## TASK STATEMENT:
Leave the pictures out and reproduce all the entries word for word.

◇ ◇ ◇

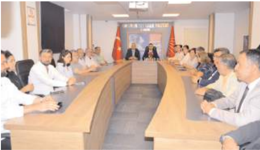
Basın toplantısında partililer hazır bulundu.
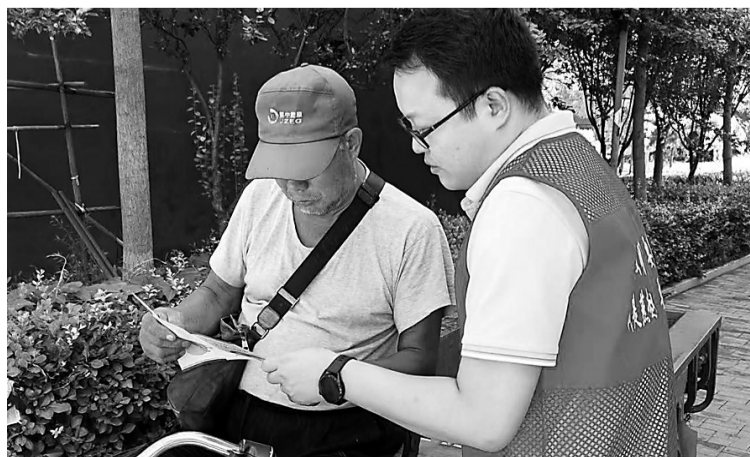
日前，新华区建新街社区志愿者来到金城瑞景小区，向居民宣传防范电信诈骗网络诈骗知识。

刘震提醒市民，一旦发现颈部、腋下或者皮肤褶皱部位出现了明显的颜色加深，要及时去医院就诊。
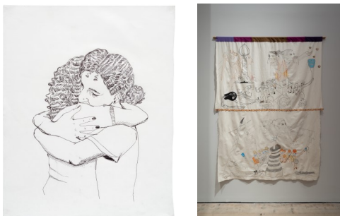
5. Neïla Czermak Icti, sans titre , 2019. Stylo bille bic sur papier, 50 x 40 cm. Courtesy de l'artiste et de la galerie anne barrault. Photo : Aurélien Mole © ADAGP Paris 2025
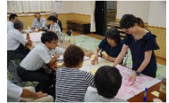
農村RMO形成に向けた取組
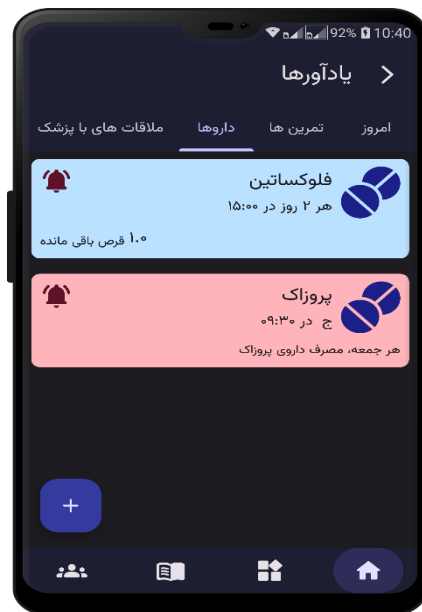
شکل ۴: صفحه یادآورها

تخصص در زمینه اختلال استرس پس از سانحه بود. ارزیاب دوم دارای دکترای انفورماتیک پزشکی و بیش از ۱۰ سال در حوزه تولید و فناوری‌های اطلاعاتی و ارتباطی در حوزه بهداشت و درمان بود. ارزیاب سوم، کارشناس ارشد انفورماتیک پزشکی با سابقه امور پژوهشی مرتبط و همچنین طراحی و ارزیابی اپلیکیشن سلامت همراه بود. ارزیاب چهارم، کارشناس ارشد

◇ ◇ ◇

## ANSWER SPACE:
Basın toplantısında partililer hazır bulundu.
日前，新华区建新街社区志愿者来到金城瑞景小区，向居民宣传防范电信诈骗网络诈骗知识。

刘震提醒市民，一旦发现颈部、腋下或者皮肤褶皱部位出现了明显的颜色加深，要及时去医院就诊。
5. Neïla Czermak Icti, sans titre , 2019. Stylo bille bic sur papier, 50 x 40 cm. Courtesy de l'artiste et de la galerie anne barrault. Photo : Aurélien Mole © ADAGP Paris 2025
農村RMO形成に向けた取組
شکل ۴: صفحه یادآورها

تخصص در زمینه اختلال استرس پس از سانحه بود. ارزیاب دوم دارای دکترای انفورماتیک پزشکی و بیش از ۱۰ سال در حوزه تولید و فناوری‌های اطلاعاتی و ارتباطی در حوزه بهداشت و درمان بود. ارزیاب سوم، کارشناس ارشد انفورماتیک پزشکی با سابقه امور پژوهشی مرتبط و همچنین طراحی و ارزیابی اپلیکیشن سلامت همراه بود. ارزیاب چهارم، کارشناس ارشد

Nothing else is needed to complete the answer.